**Work required:**
Exactly as they appear, output all of the entries.

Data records
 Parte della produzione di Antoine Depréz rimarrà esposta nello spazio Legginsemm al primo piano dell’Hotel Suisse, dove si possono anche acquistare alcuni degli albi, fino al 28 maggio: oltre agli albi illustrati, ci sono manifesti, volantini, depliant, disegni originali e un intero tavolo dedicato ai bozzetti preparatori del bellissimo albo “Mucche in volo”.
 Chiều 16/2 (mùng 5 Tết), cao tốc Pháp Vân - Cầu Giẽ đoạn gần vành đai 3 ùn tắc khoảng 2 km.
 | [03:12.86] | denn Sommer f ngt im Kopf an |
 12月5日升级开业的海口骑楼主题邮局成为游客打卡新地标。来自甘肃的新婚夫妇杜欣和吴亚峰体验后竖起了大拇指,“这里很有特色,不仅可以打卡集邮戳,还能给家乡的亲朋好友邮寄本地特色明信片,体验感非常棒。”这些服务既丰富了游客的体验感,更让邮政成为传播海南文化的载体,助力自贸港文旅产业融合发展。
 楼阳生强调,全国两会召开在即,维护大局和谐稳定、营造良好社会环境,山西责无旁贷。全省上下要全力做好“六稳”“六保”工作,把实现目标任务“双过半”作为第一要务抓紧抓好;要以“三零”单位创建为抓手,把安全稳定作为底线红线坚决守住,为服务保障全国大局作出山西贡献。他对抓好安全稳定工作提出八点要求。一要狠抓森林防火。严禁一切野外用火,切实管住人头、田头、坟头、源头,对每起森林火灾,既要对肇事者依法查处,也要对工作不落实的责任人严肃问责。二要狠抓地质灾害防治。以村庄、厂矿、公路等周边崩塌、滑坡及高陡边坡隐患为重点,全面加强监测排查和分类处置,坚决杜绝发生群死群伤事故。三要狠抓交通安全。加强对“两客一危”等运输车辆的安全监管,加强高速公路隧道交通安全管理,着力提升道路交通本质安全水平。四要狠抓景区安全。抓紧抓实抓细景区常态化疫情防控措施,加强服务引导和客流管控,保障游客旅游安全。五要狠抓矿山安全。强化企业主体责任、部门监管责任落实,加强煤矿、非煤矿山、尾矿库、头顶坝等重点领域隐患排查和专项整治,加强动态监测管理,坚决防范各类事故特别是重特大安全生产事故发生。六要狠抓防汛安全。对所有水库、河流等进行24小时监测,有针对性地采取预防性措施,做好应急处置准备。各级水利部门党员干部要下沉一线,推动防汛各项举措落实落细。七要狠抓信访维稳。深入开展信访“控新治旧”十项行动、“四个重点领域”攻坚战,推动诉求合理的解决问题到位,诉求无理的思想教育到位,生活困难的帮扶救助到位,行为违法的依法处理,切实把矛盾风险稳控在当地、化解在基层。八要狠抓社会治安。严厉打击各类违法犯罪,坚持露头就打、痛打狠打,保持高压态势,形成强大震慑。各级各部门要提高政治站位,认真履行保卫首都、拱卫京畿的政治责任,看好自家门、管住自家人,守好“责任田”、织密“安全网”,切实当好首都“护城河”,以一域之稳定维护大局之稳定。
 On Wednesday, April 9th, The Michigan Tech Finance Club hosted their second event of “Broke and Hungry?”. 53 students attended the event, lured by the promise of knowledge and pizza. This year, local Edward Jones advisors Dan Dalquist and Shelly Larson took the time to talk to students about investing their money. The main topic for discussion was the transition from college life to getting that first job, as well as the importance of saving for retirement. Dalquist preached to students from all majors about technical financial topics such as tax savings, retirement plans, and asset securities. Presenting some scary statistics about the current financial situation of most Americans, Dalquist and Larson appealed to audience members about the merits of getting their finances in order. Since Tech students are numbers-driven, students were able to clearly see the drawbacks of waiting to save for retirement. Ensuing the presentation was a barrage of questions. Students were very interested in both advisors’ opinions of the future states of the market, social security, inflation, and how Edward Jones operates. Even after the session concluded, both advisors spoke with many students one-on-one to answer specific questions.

**Answer to this task:**
 Parte della produzione di Antoine Depréz rimarrà esposta nello spazio Legginsemm al primo piano dell’Hotel Suisse, dove si possono anche acquistare alcuni degli albi, fino al 28 maggio: oltre agli albi illustrati, ci sono manifesti, volantini, depliant, disegni originali e un intero tavolo dedicato ai bozzetti preparatori del bellissimo albo “Mucche in volo”.
 Chiều 16/2 (mùng 5 Tết), cao tốc Pháp Vân - Cầu Giẽ đoạn gần vành đai 3 ùn tắc khoảng 2 km.
 | [03:12.86] | denn Sommer f ngt im Kopf an |
 12月5日升级开业的海口骑楼主题邮局成为游客打卡新地标。来自甘肃的新婚夫妇杜欣和吴亚峰体验后竖起了大拇指,“这里很有特色,不仅可以打卡集邮戳,还能给家乡的亲朋好友邮寄本地特色明信片,体验感非常棒。”这些服务既丰富了游客的体验感,更让邮政成为传播海南文化的载体,助力自贸港文旅产业融合发展。
 楼阳生强调,全国两会召开在即,维护大局和谐稳定、营造良好社会环境,山西责无旁贷。全省上下要全力做好“六稳”“六保”工作,把实现目标任务“双过半”作为第一要务抓紧抓好;要以“三零”单位创建为抓手,把安全稳定作为底线红线坚决守住,为服务保障全国大局作出山西贡献。他对抓好安全稳定工作提出八点要求。一要狠抓森林防火。严禁一切野外用火,切实管住人头、田头、坟头、源头,对每起森林火灾,既要对肇事者依法查处,也要对工作不落实的责任人严肃问责。二要狠抓地质灾害防治。以村庄、厂矿、公路等周边崩塌、滑坡及高陡边坡隐患为重点,全面加强监测排查和分类处置,坚决杜绝发生群死群伤事故。三要狠抓交通安全。加强对“两客一危”等运输车辆的安全监管,加强高速公路隧道交通安全管理,着力提升道路交通本质安全水平。四要狠抓景区安全。抓紧抓实抓细景区常态化疫情防控措施,加强服务引导和客流管控,保障游客旅游安全。五要狠抓矿山安全。强化企业主体责任、部门监管责任落实,加强煤矿、非煤矿山、尾矿库、头顶坝等重点领域隐患排查和专项整治,加强动态监测管理,坚决防范各类事故特别是重特大安全生产事故发生。六要狠抓防汛安全。对所有水库、河流等进行24小时监测,有针对性地采取预防性措施,做好应急处置准备。各级水利部门党员干部要下沉一线,推动防汛各项举措落实落细。七要狠抓信访维稳。深入开展信访“控新治旧”十项行动、“四个重点领域”攻坚战,推动诉求合理的解决问题到位,诉求无理的思想教育到位,生活困难的帮扶救助到位,行为违法的依法处理,切实把矛盾风险稳控在当地、化解在基层。八要狠抓社会治安。严厉打击各类违法犯罪,坚持露头就打、痛打狠打,保持高压态势,形成强大震慑。各级各部门要提高政治站位,认真履行保卫首都、拱卫京畿的政治责任,看好自家门、管住自家人,守好“责任田”、织密“安全网”,切实当好首都“护城河”,以一域之稳定维护大局之稳定。
 On Wednesday, April 9th, The Michigan Tech Finance Club hosted their second event of “Broke and Hungry?”. 53 students attended the event, lured by the promise of knowledge and pizza. This year, local Edward Jones advisors Dan Dalquist and Shelly Larson took the time to talk to students about investing their money. The main topic for discussion was the transition from college life to getting that first job, as well as the importance of saving for retirement. Dalquist preached to students from all majors about technical financial topics such as tax savings, retirement plans, and asset securities. Presenting some scary statistics about the current financial situation of most Americans, Dalquist and Larson appealed to audience members about the merits of getting their finances in order. Since Tech students are numbers-driven, students were able to clearly see the drawbacks of waiting to save for retirement. Ensuing the presentation was a barrage of questions. Students were very interested in both advisors’ opinions of the future states of the market, social security, inflation, and how Edward Jones operates. Even after the session concluded, both advisors spoke with many students one-on-one to answer specific questions.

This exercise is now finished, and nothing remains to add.